I took another look and I still don't like it. The intent of the code
is that once we're out of a query, a query cancel that arrived
meanwhile should be a no-op. I completely disagree with the idea that
a late-arriving cancel should cancel the next query. (From the user's
standpoint: if you're a bit slow to hit control-C and so your query
finishes anyway, and then you go for coffee, would you be surprised
to come back awhile later and enter a new query and have it fail?)
And I think the same should apply to statement timeouts: if one
happens slightly too late to cancel the current query, that does not
mean it should cancel the next one.
That's not to say that I don't think there's anything to do about
this. I just don't think this is what to do.

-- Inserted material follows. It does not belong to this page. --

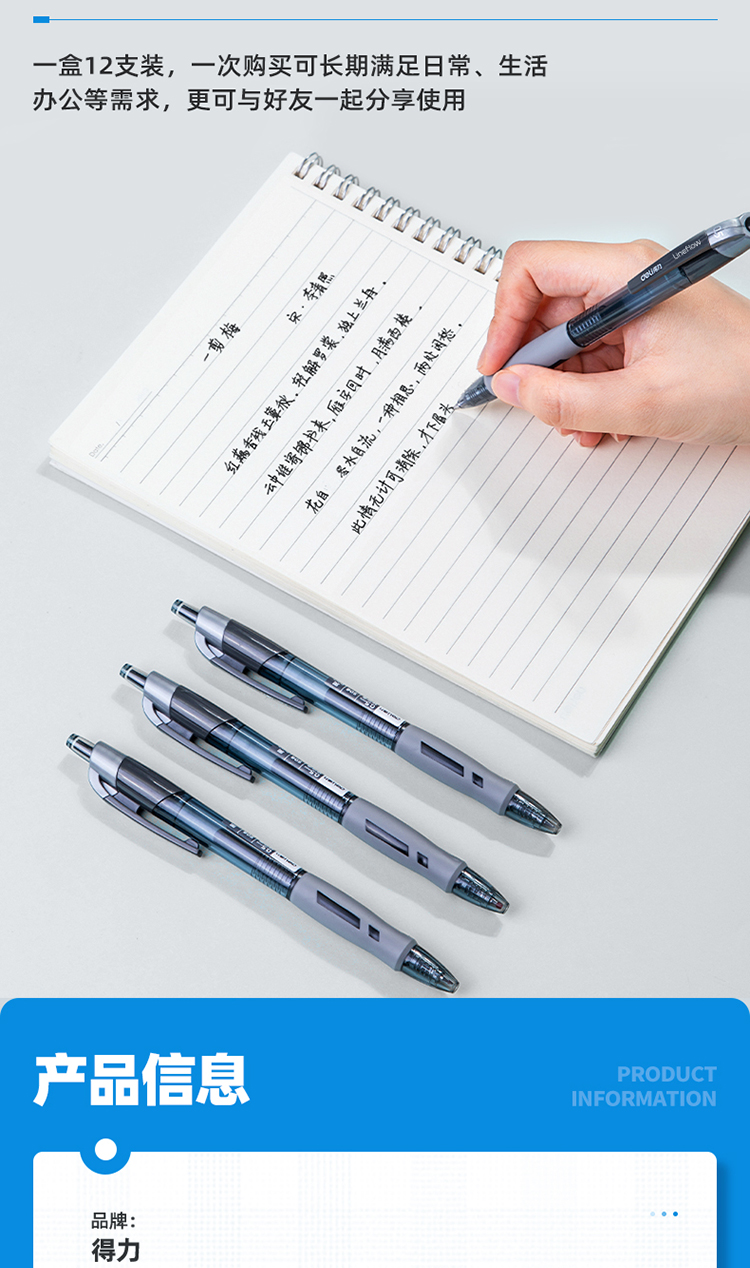 得力(deli)S08 按動子彈頭中性筆 黑色簽字筆 0.5mm 12支/盒

Looking around at the code, I think perhaps some blame should fall
on this bit in PostgresMain:
/*
* (5) disable async signal conditions again.
*
* Query cancel is supposed to be a no-op when there is no query in
* progress, so if a query cancel arrived while we were idle, just
* reset QueryCancelPending. ProcessInterrupts() has that effect when
* it's called when DoingCommandRead is set, so check for interrupts
* before resetting DoingCommandRead.
*/
CHECK_FOR_INTERRUPTS();
DoingCommandRead = false;
We are taking care to discard a stale QueryCancelPending flag, but
this code is ignorant of the fact that timeouts now also feed into
QueryCancelPending. Perhaps we should clear the timeout indicators
here? Or maybe using CHECK_FOR_INTERRUPTS here is too cute and
we should just clear QueryCancelPending directly (and clear the
indicators too, likely).
Also, I could buy making the proposed change in
disable_statement_timeout without the one in enable_statement_timeout.

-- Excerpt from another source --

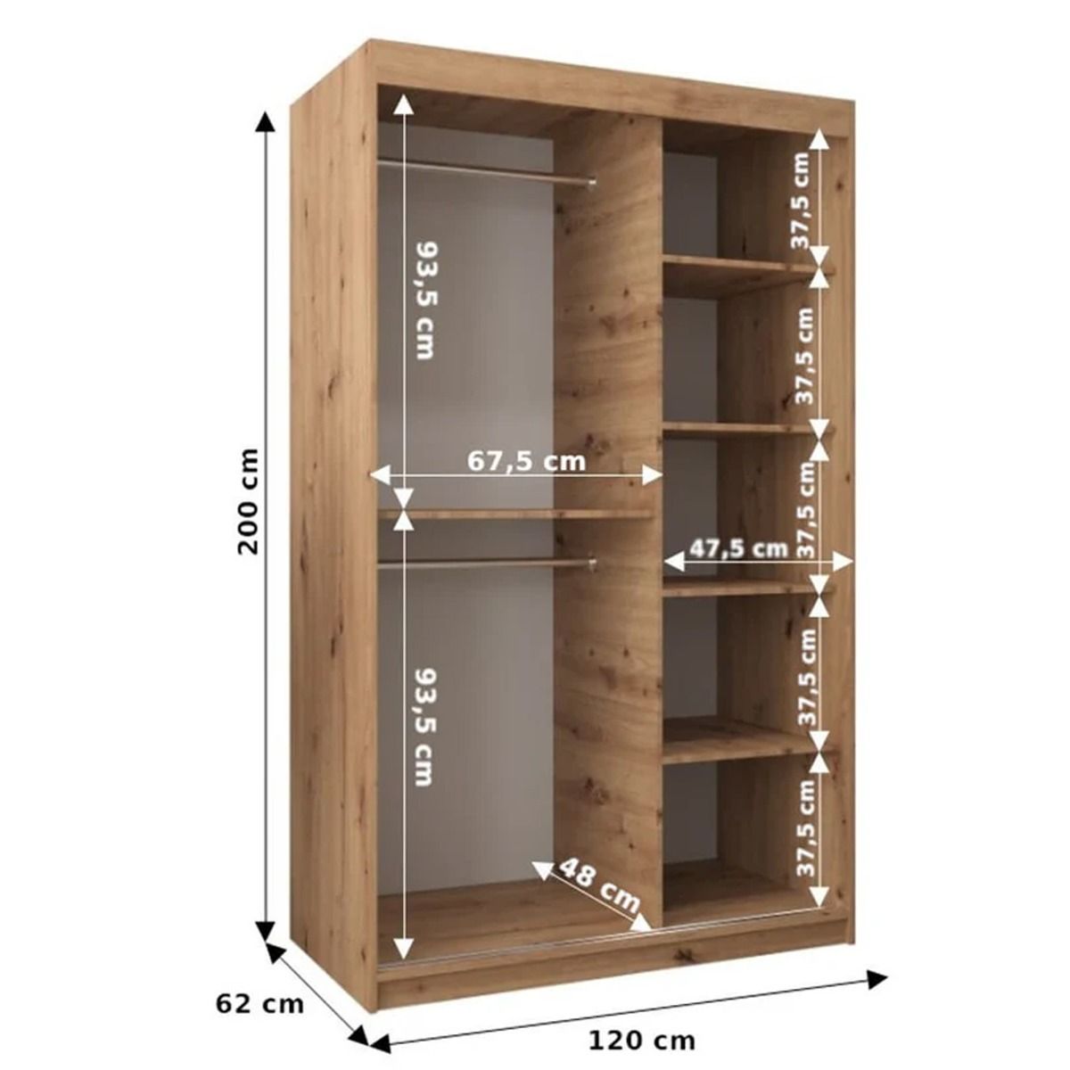 Sliding Wardrobe - TIVERTON III 2 Door Mirrored Wardrobe Oak Sonoma 120cm

I think that would have the desired effect that if ProcessInterrupts
runs shortly after disable_statement_timeout it would not lie about
the cause of the cancel, while not sacrificing the principle that
a statement timeout can't kill the next statement.
As a more thorough redesign, maybe we should get rid of the
idea that QueryCancelPending represents all three of these
conditions. That would mean a bit more duplication of logic
in ProcessInterrupts, but I don't think that code is especially
performance-critical.
regards, tom lane
Re: Always show correct error message for statement timeouts, fixes random buildfarm failures
От
"Jelte Fennema-Nio"
Дата:
On Thu, 8 Jan 2026 at 18:50, Tom Lane <tgl@sss.pgh.pa.us> wrote:
> I took another look and I still don't like it. The intent of the code
> is that once we're out of a query, a query cancel that arrived
> meanwhile should be a no-op. I completely disagree with the idea that
> a late-arriving cancel should cancel the next query. (From the user's
> standpoint: if you're a bit slow to hit control-C and so your query
> finishes anyway, and then you go for coffee, would you be surprised
> to come back awhile later and enter a new query and have it fail?)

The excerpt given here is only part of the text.